基于表面氧空位可俘获电子、提高光生载流子的分离效率及吸附活化等多功能作用，本项目拟构建溶液燃烧过程中的还原气氛促使晶格氧的逸出以合成含表面氧空位的纳米氧化镁，使传统氧化镁半导体化；考察该方法中燃料种类及用量、焙烧温度及气氛、元素掺杂等合成因素对表面氧空位的类型及浓度的影响；研究表面氧空位及所俘获的多余电子与吸附态分子氧之间的相互作用以揭示其对合成氧化镁表面上单线态氧、超氧阴离子和羟基自由基等活性氧物种的生成之间的相关性，进而阐明表面氧空位光催化产生活性氧物种的途径及机制；确定不同气氛下VOCs分子在氧化镁表面上的吸附活化态及产物形式，探究表面氧空位及其所俘获电子对VOCs分子的光催化降解机制及途径的影响；考察催化剂使用前后表面氧空位的变化情况以摸索缺陷态材料的稳定存在条件。本项目可拓宽地表丰富的氧化镁在环境领域中的应用，深化表面氧空位作用机理，为绝缘体材料的半导体化提供借鉴。

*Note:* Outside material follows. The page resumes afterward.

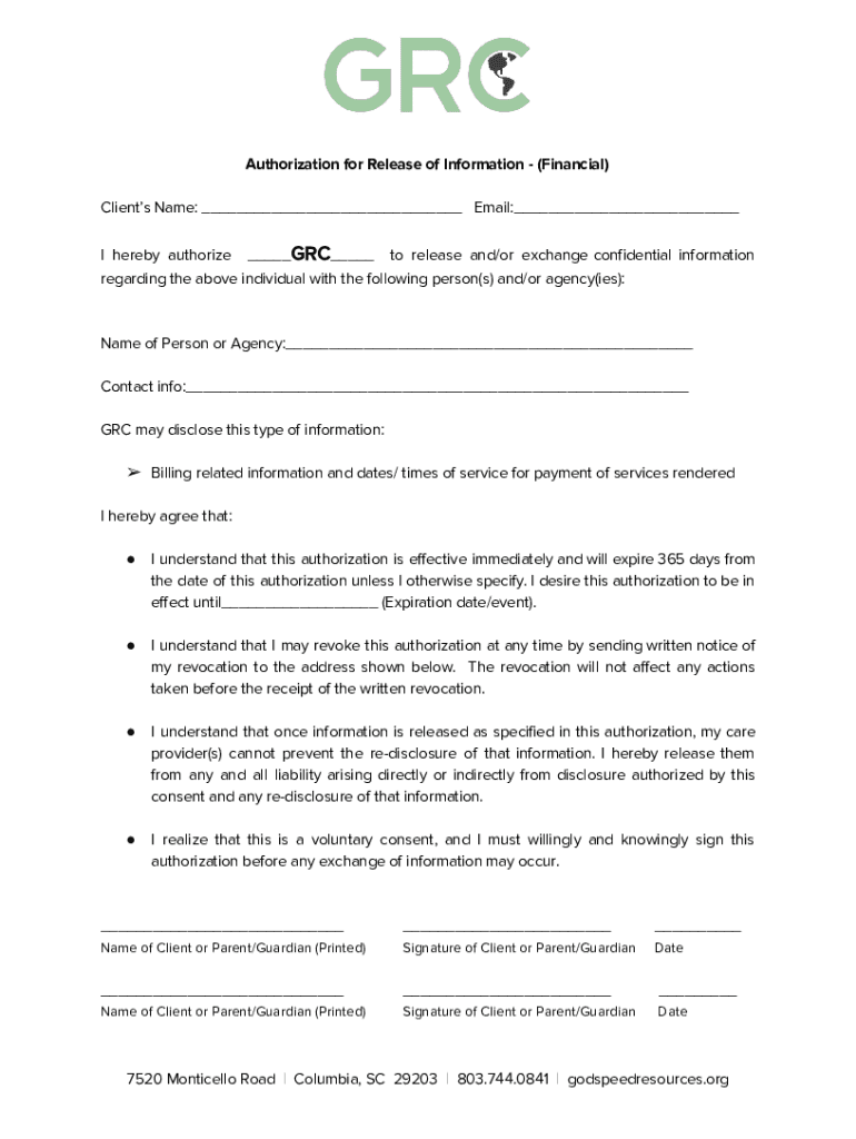 Authorization for Release of Information (Financial) Clients Name: Email: I hereby authorize GRC to release and/or exchange confidential information regarding the above individual with the following

基于表面氧空位可俘获电子、提高光生载流子的分离效率及吸附活化等多功能作用，本项目通过调控燃料的种类及用量构建缺陷态纳米MgO，使其半导体化；揭示了尿素、柠檬酸和葡萄糖等对缺陷态镁基材料活性晶面暴露、吸光能力、磁性、电荷密度、氧空位浓度及其活化分子氧能力的影响机制，为缺陷态材料的快速合成提供重要的参考。具体的主要工作如下：.1. 调控柠檬酸合成了含镁氧双空位结构的缺陷态纳米MgO，研究了空位结构和电荷密度对超氧阴离子和过氧阴离子自由基的影响机制，借助550度下100小时的热催化氧化甲烷考察了合成材料的稳定使用情况，发现了合成MgO具有超越过渡金属氧化的低温催化氧化甲烷的能力，拓宽其在环境领域中的作用；.2. 以葡萄糖为燃料合成了缺陷态纳米CeO2并考察其光热催化氧化VOCs的性能，发现了与高浓度氧空位相比，电荷密度增强更加有利于提高低温光热催化氧化活性。理论计算表明电荷密度增强的来源可能是与{200}/{111}晶面比值有关，而不是氧空位的浓度；.3. 采用燃烧法合成了缺陷态镁铈复合氧化物。CeO2的加入增强了MgO的光吸收能力和电荷密度。但是，复合氧化物表面氧空位的含量随着CeO2含量的增多逐渐减小。光激发和温度利于均利于表面超氧阴离子和羟基自由基在复合氧化物表面上形成。当镁铈摩尔比为1：0.75时，复合氧化物在350度对1500 ppm甲苯的转化率达到90%。当切断反应气空气后，复合氧化物的光热催化瞬时活性大幅度下降，重新通入空气后光热催化活性可以再次回复，表明分子氧吸附活化对反应起着至关重要的作用。当引入水蒸汽后复合氧化物的光热催化活性下降了约30%，但是活性随着水蒸气的消失逐渐恢复;.4. 采用固相法制备了磷酸盐修饰型纳米MgO，并对其进行了物相组成、形貌、比表面积、光学性能及能带结构等进行了分析；首次实现以水为反应介质可见光照射下光催化还原CO2为CO的能力并揭示了CO2分压对其活性的影响机制，六次循环实验证实了该合成材料具有较好的稳定性。